Q: What is the difference between Turbidity and Total Suspended Solids (TSS)?
A: While related, they use different metrics. Turbidity (measured in NTU) reads how effectively particles scatter or block light passing through water. TSS (measured in mg/L or ppm) tracks the actual physical weight of the dry solids suspended in the fluid. However, modern heavy-duty instruments like the Supmea SUP-PTU100 feature smart internal software that can compute and display both values from a single sensor probe.

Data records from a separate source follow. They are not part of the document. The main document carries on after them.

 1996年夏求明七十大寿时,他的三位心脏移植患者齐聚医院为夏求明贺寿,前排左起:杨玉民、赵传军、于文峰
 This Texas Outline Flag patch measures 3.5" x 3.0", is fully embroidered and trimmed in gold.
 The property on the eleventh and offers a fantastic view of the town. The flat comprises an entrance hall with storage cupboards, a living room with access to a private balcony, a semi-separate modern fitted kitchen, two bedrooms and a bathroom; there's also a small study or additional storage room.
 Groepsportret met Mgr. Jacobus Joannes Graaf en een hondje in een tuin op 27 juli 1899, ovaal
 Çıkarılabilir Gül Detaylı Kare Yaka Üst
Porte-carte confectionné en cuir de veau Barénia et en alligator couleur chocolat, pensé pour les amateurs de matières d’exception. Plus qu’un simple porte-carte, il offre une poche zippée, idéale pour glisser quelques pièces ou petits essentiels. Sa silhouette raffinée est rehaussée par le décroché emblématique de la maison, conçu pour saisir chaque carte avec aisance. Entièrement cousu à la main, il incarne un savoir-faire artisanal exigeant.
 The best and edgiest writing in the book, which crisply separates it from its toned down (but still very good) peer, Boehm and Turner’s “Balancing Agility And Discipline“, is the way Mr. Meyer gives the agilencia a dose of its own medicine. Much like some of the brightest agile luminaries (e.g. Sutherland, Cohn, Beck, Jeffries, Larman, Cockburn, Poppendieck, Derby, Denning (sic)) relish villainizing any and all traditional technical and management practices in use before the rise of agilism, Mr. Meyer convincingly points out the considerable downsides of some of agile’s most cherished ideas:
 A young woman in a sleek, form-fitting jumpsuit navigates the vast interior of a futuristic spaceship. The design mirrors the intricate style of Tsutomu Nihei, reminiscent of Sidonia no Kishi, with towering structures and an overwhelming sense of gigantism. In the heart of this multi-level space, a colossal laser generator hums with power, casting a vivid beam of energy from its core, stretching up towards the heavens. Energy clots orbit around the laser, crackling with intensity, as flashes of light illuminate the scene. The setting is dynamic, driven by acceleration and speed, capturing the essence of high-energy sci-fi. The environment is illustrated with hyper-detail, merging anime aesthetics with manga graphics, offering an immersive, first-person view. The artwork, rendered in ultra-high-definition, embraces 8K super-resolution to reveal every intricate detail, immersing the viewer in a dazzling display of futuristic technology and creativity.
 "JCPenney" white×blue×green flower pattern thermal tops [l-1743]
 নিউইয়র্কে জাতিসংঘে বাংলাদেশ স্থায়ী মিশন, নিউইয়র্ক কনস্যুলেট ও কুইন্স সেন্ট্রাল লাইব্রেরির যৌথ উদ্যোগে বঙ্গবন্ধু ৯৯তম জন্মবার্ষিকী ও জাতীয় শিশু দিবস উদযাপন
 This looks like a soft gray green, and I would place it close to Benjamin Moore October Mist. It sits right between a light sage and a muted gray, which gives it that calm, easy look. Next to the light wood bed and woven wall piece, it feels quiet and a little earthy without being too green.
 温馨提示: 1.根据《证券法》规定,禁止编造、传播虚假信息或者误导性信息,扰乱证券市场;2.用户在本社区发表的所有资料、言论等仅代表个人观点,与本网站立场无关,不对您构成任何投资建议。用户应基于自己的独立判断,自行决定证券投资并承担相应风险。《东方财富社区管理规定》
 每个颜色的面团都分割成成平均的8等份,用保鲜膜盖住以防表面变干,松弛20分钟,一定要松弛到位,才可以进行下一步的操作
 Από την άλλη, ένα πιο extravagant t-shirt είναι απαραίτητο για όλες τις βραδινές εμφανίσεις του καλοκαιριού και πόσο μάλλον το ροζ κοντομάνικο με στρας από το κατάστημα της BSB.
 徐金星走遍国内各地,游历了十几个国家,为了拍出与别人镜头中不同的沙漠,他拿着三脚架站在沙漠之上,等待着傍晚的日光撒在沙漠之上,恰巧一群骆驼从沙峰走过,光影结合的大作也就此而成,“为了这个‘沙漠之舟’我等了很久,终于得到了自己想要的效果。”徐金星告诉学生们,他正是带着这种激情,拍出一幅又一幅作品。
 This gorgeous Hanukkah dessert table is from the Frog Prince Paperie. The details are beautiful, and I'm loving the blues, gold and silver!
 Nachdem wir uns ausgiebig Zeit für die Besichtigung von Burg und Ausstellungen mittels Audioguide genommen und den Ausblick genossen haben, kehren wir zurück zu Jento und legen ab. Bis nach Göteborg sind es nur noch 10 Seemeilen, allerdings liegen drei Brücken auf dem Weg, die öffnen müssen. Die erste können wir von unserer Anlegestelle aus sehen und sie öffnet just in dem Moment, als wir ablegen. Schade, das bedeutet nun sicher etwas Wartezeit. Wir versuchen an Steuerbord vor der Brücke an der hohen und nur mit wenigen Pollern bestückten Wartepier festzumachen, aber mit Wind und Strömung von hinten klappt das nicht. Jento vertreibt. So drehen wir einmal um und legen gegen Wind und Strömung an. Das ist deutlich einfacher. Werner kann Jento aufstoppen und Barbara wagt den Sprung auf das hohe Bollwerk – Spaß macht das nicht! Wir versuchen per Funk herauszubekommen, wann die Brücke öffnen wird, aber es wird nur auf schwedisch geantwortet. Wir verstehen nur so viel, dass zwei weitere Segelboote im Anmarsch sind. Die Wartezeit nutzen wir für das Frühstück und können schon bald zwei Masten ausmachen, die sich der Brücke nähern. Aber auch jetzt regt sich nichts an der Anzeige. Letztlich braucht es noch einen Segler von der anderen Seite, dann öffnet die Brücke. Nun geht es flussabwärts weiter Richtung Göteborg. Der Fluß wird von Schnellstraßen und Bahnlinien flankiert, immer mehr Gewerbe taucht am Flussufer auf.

Q: Outside of food factories, how can a TSS Sensor support a Smart Farm?
A: In a Smart Farm or commercial aquaculture environment (Smart Aquaculture), high sediment levels block sunlight and drop dissolved oxygen paths in fish or shrimp ponds. Wiring a TSS sensor into your pond array allows the automation loop to read murky water conditions instantly, automatically triggering water-exchange pumps or filtration systems to clear the pool without needing human intervention.

Q: How does real-time TSS tracking lower operational costs in a factory?
A: It eliminates massive hidden expenses over time. By monitoring TSS levels around the clock, engineers can program automation loops to activate sludge pumps or backwash filtration cycles only when particle counts breach a specific limit. This stops equipment from running non-stop unnecessarily, saving significant water and power while extending the lifespan of expensive reverse-osmosis filters.